**Work request**.
The required answer is an exact copy of the records below, without pictures.

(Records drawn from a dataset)
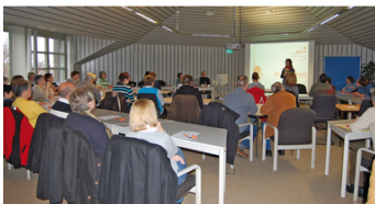
Das Bewerbungstraining stieß auf reges Interesse

Menschen mit einem Handicap haben im Vergleich zu nicht behinderten Menschen größere Schwierigkeiten, auf dem Arbeitsmarkt Fuß zu fassen. Dabei sind sie nicht weniger leistungsfähig, können aber ihre Fähigkeit nicht immer optimal darstellen. Im Rahmen der landesweiten Kampagne „Leistungsstark trotz Handicap“ hat die Agentur für Arbeit Lübeck in Kooperation mit dem Berufsförderungswerk Hamburg (Regionalcenter Lübeck) ein spezielles Bewerbungstraining angeboten.
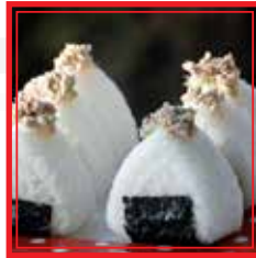
512. ONIGIRI TUNA AVOCADO € 5,00
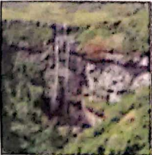
Canyon Índios Coroados
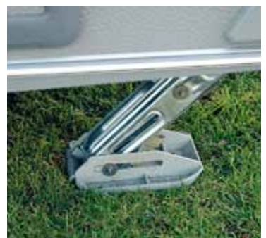
Stora fötter är alltid bra. I synnerhet när man står på mjukt underlag.
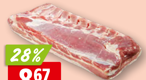
Del Maitre Bratspeck geräuchert, geschnitten, ca. 1 kg
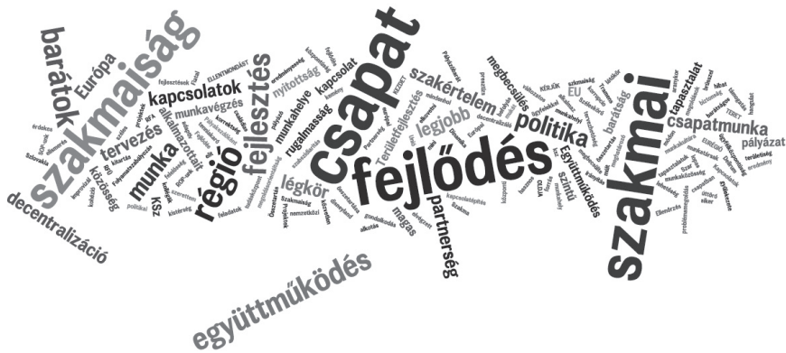
2. ábra: A válaszadók eszébe jutó első három szó az RFÜ-kről The first three mentions of respondents about the RDAs

Megkérdeztem a válaszadóktól, hogy mi az első három szó, ami az RFÜ-ről eszükbe jut. Fontos kiemelni, hogy – egy-két, főként a kiábrándultságból fakadó negatív kifejezésen kívül – a használt szavak egyértelműen és erősen pozitív töltetűek voltak (2. ábra).
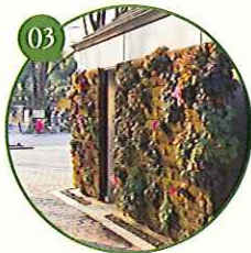
公園施設を壁面緑化。 植物の香りで癒しとくつろぎを提供 ▶平成19年度 におい・かおり環境協会賞受賞
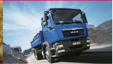
▪ MAN TGM
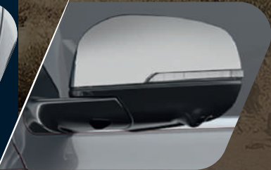
Espejos laterales eléctricos con luces direccionales
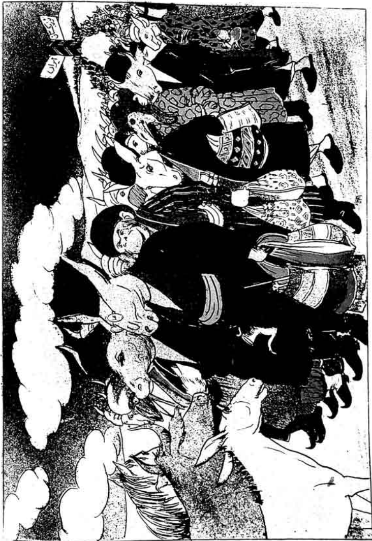
شواللار - احويللاردا خلق ايديريك بريم نورانك اولاريس ايجومودو - - - - - سورود اولاريسلر.
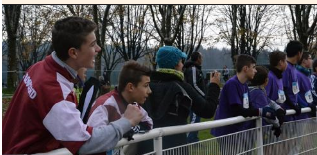
■ Ils étaient nombreux à pousser de la voix.
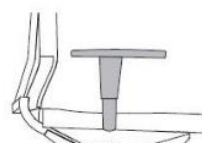
bracciolo a «T» regolabile in altezza
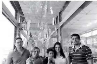
家族の健康や幸せを願った七夕飾り
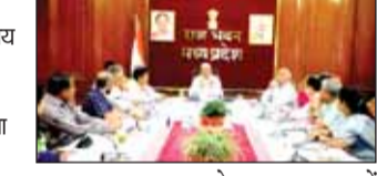
राज्यपाल पटेल राजभवन में जनजातीय प्रकोष्ठ के तत्वावधान में आयोजित समीक्षा बैठक की अध्यक्षता कर रहे थे।

राज्यपाल मंगुभाई पटेल ने कहा कि सिकल सेल उन्मूलन प्रयासों में जेनेटिक काउंसलिंग की भूमिका बहुत महत्वपूर्ण है। जेनेटिक काउंसलिंग कार्यों में मध्यस्थों की भूमिका की संभावनाओं पर कार्य करते हुए समुदाय का सहयोग प्राप्त किया जाए। उन्होंने कहा कि सिकल सेल एनीमिया आनुवंशिक रोग है। रोग को खत्म करने के लिए वैवाहिक और गर्भधारण संबंधी सावधानियां के बारे में सामुदायिक जन जागृति की दिशा में प्रभावी पहल जरूरी है। जेनेटिक काउंसलिंग कार्य में समुदाय के नेतृत्व और पंचायत पदाधिकारियों का सहयोग भी लिया जाना चाहिए।
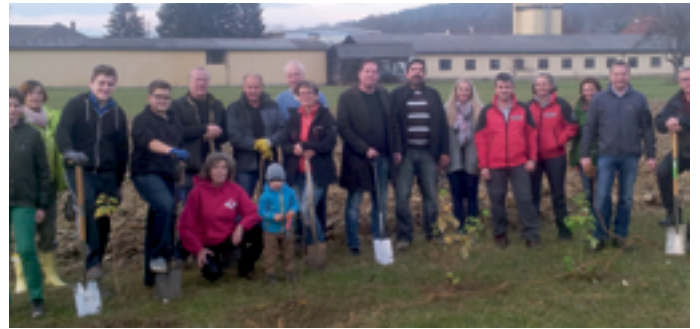
Große und Kleine, Alte und Junge haben bei der ersten gemeinsamen Heckenpflanzung mitgearbeitet.

Wir freuen uns über die Verleihung des Vulkanlandpreises im Bereich „Lebensraum“ – besonders danken wir allen, die uns durch ihre Mitarbeit unterstützt haben und weiterhin unterstützen: die Imkerinnen und Imker, die Jäger, die Berg- und Naturwacht, der Arbeitskreis der Gesunden Gemeinde, die NMS Sinabelkirchen und viele Privatpersonen.
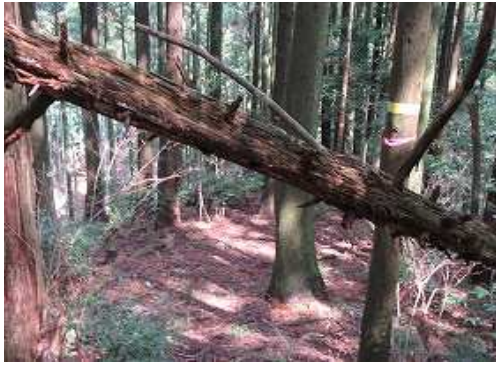
一息ついて倒木まで引き返した。
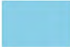
Bonnie Blue F4103
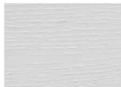
BIANCO PURO COD. 9010/ST11
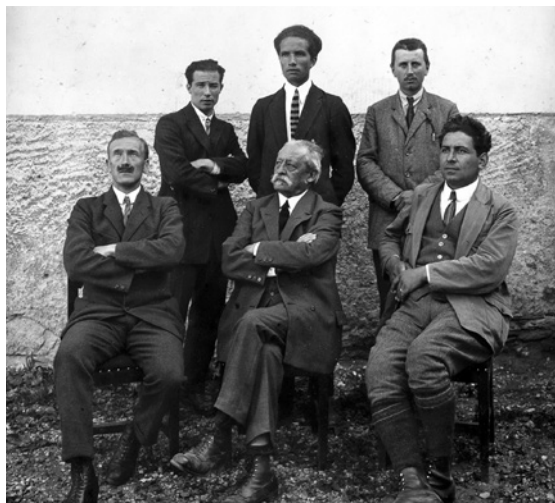
Giovanni Luzzi con i maestri delle scuole elementari riformate, Poschiavo 1928

Nel 1920 la Facoltà valdese di teologia fu trasferita da Firenze a Roma. Quando, nel 1922, fu inaugurata la nuova sede, Giovanni Luzzi, che aveva ormai sessantasette anni, non riuscì a trovarsi a proprio agio nella capitale («troppo grande per me troppo piccino»); 65 aveva nostalgia della città sull'Arno, cercava tranquillità per proseguire la sua opera di traduzione delle Scritture e aveva inoltre l'impressione che il suo lavoro teologico non trovasse più l'eco che egli si aspettava: dopo la crisi della Grande guerra, la sua linea teologica liberale, caratterizzata dalla fiducia nella forza morale dell'uomo e da un atteggiamento di conciliazione con il cattolicesimo, era infatti sempre più criticata, tanto dai colleghi quanto dagli studenti. Dopo soli due anni d'insegnamento a Roma, Luzzi decise così di lasciare l'Italia e tornare nella terra svizzera abbandonata subito dopo la sua nascita: valutò dapprima la possibilità di trasferirsi nel Canton Ticino, ma alla fine approdò in Valposchiavo.
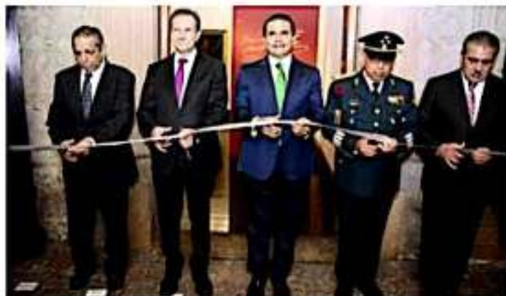
MORELIA, MICH.- El gobernador de Michoacán, Silvano Aureoles Conejo, acompañado del secretario de Educación Pública Federal, Esteban Moctezuma inauguró la colección de piezas que integran la iconografía del Servo de la Nación.

La colección de piezas estará en Palacio de Gobierno hasta el 14 de octubre
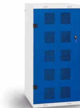
TRITON Golf – Unterschrank Maße H x B x T (mm): 1250 x 550 x 550 RAL Farbpalette: RAL 7035, RAL 9005, RAL 5005
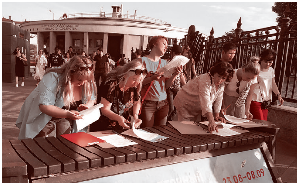
Опрос АКЦИО в Москве
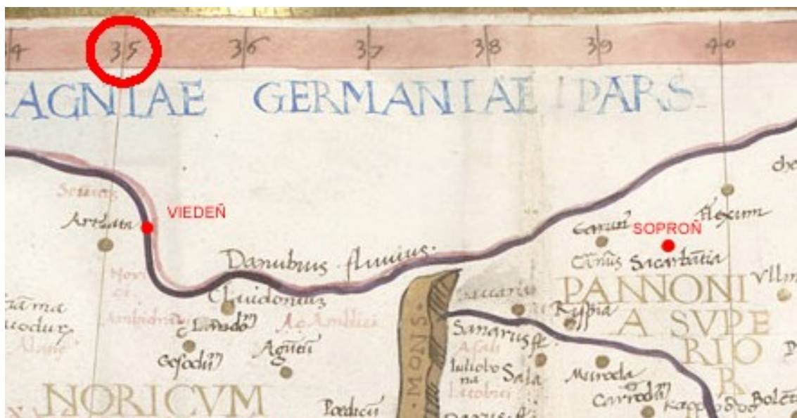
Obr. Detail Ptolemaiovej mapy Panónie

územie Slovenska, použijeme Ptolemaiovu mapu Panónie. Oporný bod pre nás je mesto Šoproň v Maďarsku, ktorého historický názov je Scarbania , u Ptolemaia SACARBATIA. Pri 35. poludníku je zakreslený výrazný ohyb Dunaja totožný s ohybom, kde dnes leží Viedeň. Za týmto poludníkom začína teda na Ptolemaiovej mape MAGNA GERMANIA územie Slovenska a to mestom Bratislava.

**Answer space**.
Das Bewerbungstraining stieß auf reges Interesse

Menschen mit einem Handicap haben im Vergleich zu nicht behinderten Menschen größere Schwierigkeiten, auf dem Arbeitsmarkt Fuß zu fassen. Dabei sind sie nicht weniger leistungsfähig, können aber ihre Fähigkeit nicht immer optimal darstellen. Im Rahmen der landesweiten Kampagne „Leistungsstark trotz Handicap“ hat die Agentur für Arbeit Lübeck in Kooperation mit dem Berufsförderungswerk Hamburg (Regionalcenter Lübeck) ein spezielles Bewerbungstraining angeboten.
512. ONIGIRI TUNA AVOCADO € 5,00
Canyon Índios Coroados
Stora fötter är alltid bra. I synnerhet när man står på mjukt underlag.
Del Maitre Bratspeck geräuchert, geschnitten, ca. 1 kg
2. ábra: A válaszadók eszébe jutó első három szó az RFÜ-kről The first three mentions of respondents about the RDAs

Megkérdeztem a válaszadóktól, hogy mi az első három szó, ami az RFÜ-ről eszükbe jut. Fontos kiemelni, hogy – egy-két, főként a kiábrándultságból fakadó negatív kifejezésen kívül – a használt szavak egyértelműen és erősen pozitív töltetűek voltak (2. ábra).
公園施設を壁面緑化。 植物の香りで癒しとくつろぎを提供 ▶平成19年度 におい・かおり環境協会賞受賞
▪ MAN TGM
Espejos laterales eléctricos con luces direccionales
شواللار - احويللاردا خلق ايديريك بريم نورانك اولاريس ايجومودو - - - - - سورود اولاريسلر.
■ Ils étaient nombreux à pousser de la voix.
bracciolo a «T» regolabile in altezza
家族の健康や幸せを願った七夕飾り
राज्यपाल पटेल राजभवन में जनजातीय प्रकोष्ठ के तत्वावधान में आयोजित समीक्षा बैठक की अध्यक्षता कर रहे थे।

राज्यपाल मंगुभाई पटेल ने कहा कि सिकल सेल उन्मूलन प्रयासों में जेनेटिक काउंसलिंग की भूमिका बहुत महत्वपूर्ण है। जेनेटिक काउंसलिंग कार्यों में मध्यस्थों की भूमिका की संभावनाओं पर कार्य करते हुए समुदाय का सहयोग प्राप्त किया जाए। उन्होंने कहा कि सिकल सेल एनीमिया आनुवंशिक रोग है। रोग को खत्म करने के लिए वैवाहिक और गर्भधारण संबंधी सावधानियां के बारे में सामुदायिक जन जागृति की दिशा में प्रभावी पहल जरूरी है। जेनेटिक काउंसलिंग कार्य में समुदाय के नेतृत्व और पंचायत पदाधिकारियों का सहयोग भी लिया जाना चाहिए।
Große und Kleine, Alte und Junge haben bei der ersten gemeinsamen Heckenpflanzung mitgearbeitet.

Wir freuen uns über die Verleihung des Vulkanlandpreises im Bereich „Lebensraum“ – besonders danken wir allen, die uns durch ihre Mitarbeit unterstützt haben und weiterhin unterstützen: die Imkerinnen und Imker, die Jäger, die Berg- und Naturwacht, der Arbeitskreis der Gesunden Gemeinde, die NMS Sinabelkirchen und viele Privatpersonen.
一息ついて倒木まで引き返した。
Bonnie Blue F4103
BIANCO PURO COD. 9010/ST11
Giovanni Luzzi con i maestri delle scuole elementari riformate, Poschiavo 1928

Nel 1920 la Facoltà valdese di teologia fu trasferita da Firenze a Roma. Quando, nel 1922, fu inaugurata la nuova sede, Giovanni Luzzi, che aveva ormai sessantasette anni, non riuscì a trovarsi a proprio agio nella capitale («troppo grande per me troppo piccino»); 65 aveva nostalgia della città sull'Arno, cercava tranquillità per proseguire la sua opera di traduzione delle Scritture e aveva inoltre l'impressione che il suo lavoro teologico non trovasse più l'eco che egli si aspettava: dopo la crisi della Grande guerra, la sua linea teologica liberale, caratterizzata dalla fiducia nella forza morale dell'uomo e da un atteggiamento di conciliazione con il cattolicesimo, era infatti sempre più criticata, tanto dai colleghi quanto dagli studenti. Dopo soli due anni d'insegnamento a Roma, Luzzi decise così di lasciare l'Italia e tornare nella terra svizzera abbandonata subito dopo la sua nascita: valutò dapprima la possibilità di trasferirsi nel Canton Ticino, ma alla fine approdò in Valposchiavo.
MORELIA, MICH.- El gobernador de Michoacán, Silvano Aureoles Conejo, acompañado del secretario de Educación Pública Federal, Esteban Moctezuma inauguró la colección de piezas que integran la iconografía del Servo de la Nación.

La colección de piezas estará en Palacio de Gobierno hasta el 14 de octubre
TRITON Golf – Unterschrank Maße H x B x T (mm): 1250 x 550 x 550 RAL Farbpalette: RAL 7035, RAL 9005, RAL 5005
Опрос АКЦИО в Москве
Obr. Detail Ptolemaiovej mapy Panónie

územie Slovenska, použijeme Ptolemaiovu mapu Panónie. Oporný bod pre nás je mesto Šoproň v Maďarsku, ktorého historický názov je Scarbania , u Ptolemaia SACARBATIA. Pri 35. poludníku je zakreslený výrazný ohyb Dunaja totožný s ohybom, kde dnes leží Viedeň. Za týmto poludníkom začína teda na Ptolemaiovej mape MAGNA GERMANIA územie Slovenska a to mestom Bratislava.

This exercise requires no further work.